Yeah, it's not Sunday but you know what posting when I want means? It means schedules don't apply, and this is a doozy! What was previously assumed to be a puppy burial in an Illinois Hopewell mound turns out to have been a 4-7 month old bobcat! Wearing a collar! And being treated unlike any other animal burial found in the Hopewell culture ever!
I trust this will lead to a re-evaluation of old animal burials to make sure of the species (a bobcat skull is not particularly canine-looking - someone was careless there!), but it will still be unique in the record because neither domestic nor wild animals are typically buried in Hopewell mounds at all, and this bobcat's remains show no signs of it having been part of a sacrifice or anything like that. Even as a puppy burial it should have attracted more interest than it did, she says with 50/50 hindsight, because the person who wasn't there always knows best. The Hopewell just did not bury animals in the same way they buried humans - except for this one time, raising the huge question - why?

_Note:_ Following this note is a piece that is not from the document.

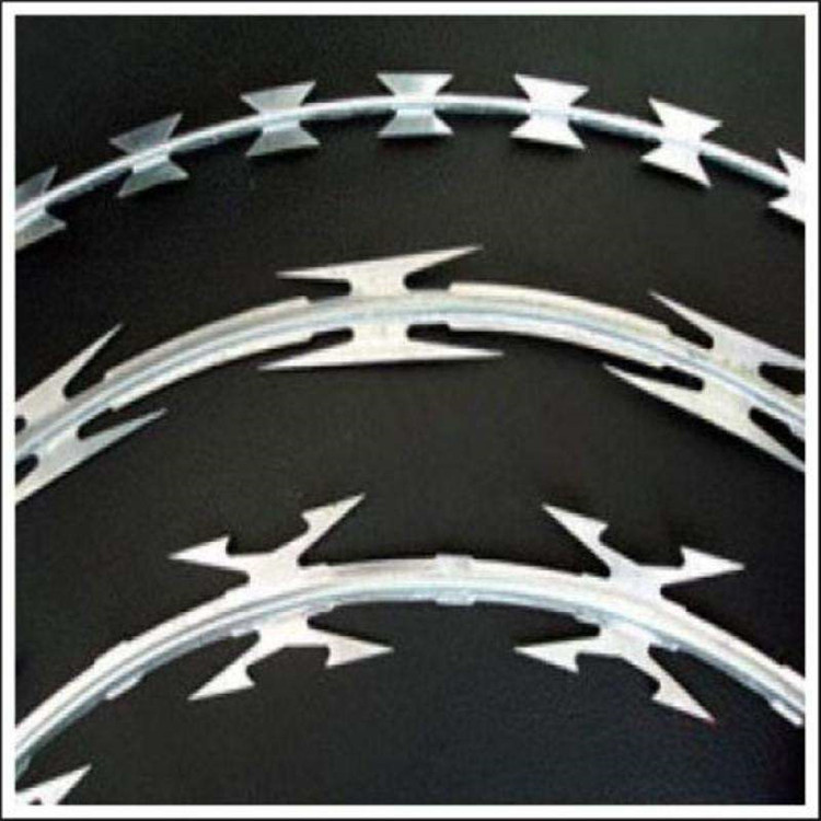 螺旋型交叉式刀片刺網(wǎng)系在兩條刀片刺網(wǎng)之間以不銹鋼片和鍍鋅鋼片強(qiáng)力夾和,展開后即成交叉狀,取其美觀又實(shí)用。

And that, of course, is where the storyteller comes into play because there's a limit to what the evidence can tell us at any scientific level. Was it somebody's pet bobcat? That's a story in itself, as (Disney versions aside) dogs were the only animal routinely domesticated in the Americas till European imports came along. Was it an animal of some ceremonial significance? Forensic analysis find no indication of a sacrifice, but not all forms of death lead a clear record in the bones - maybe it was suffocated very skilfully. Or maybe it had some ceremonial significance that had nothing to do with sacrificing it, and it died of natural causes (which may have been a bad omen for somebody!). Maybe it was understood to actually "be" someone else - a messenger from the land of the dead, or the vessel of some power.
My mind rides off in all directions, and I hesitate to pick one, because - somewhere out there is someone who is much, much better qualified to tell this story than me. This story needs someone who has a stronger connection to the Hopewell tradition than I have, some much firmer grounds for thinking that (for instance) the bobcat might have temporarily held the spirit of a culture hero, ancestor, or shaman, and been buried when that spirit's work on earth was done. Anything I wrote on it would be a straight-up fantasy with the fingerprints of European-American cultural assumptions all over it. Someone out there is better able to wash those fingerprints away and give us a straight-up fantasy that showcases the cultural assumptions of the Hopewell - a culture long gone, except for its archeological traces and the biological descendants, holders of a series of different cultures, of Hopewell citizens.
I hope this person recognizes herself, and finds the story, and commits to the story, and gets it past all the barriers trying to lock anything but European-American cultural assumptions from media, and publishes it where I can read it.
I promise to cry when the bobcat dies.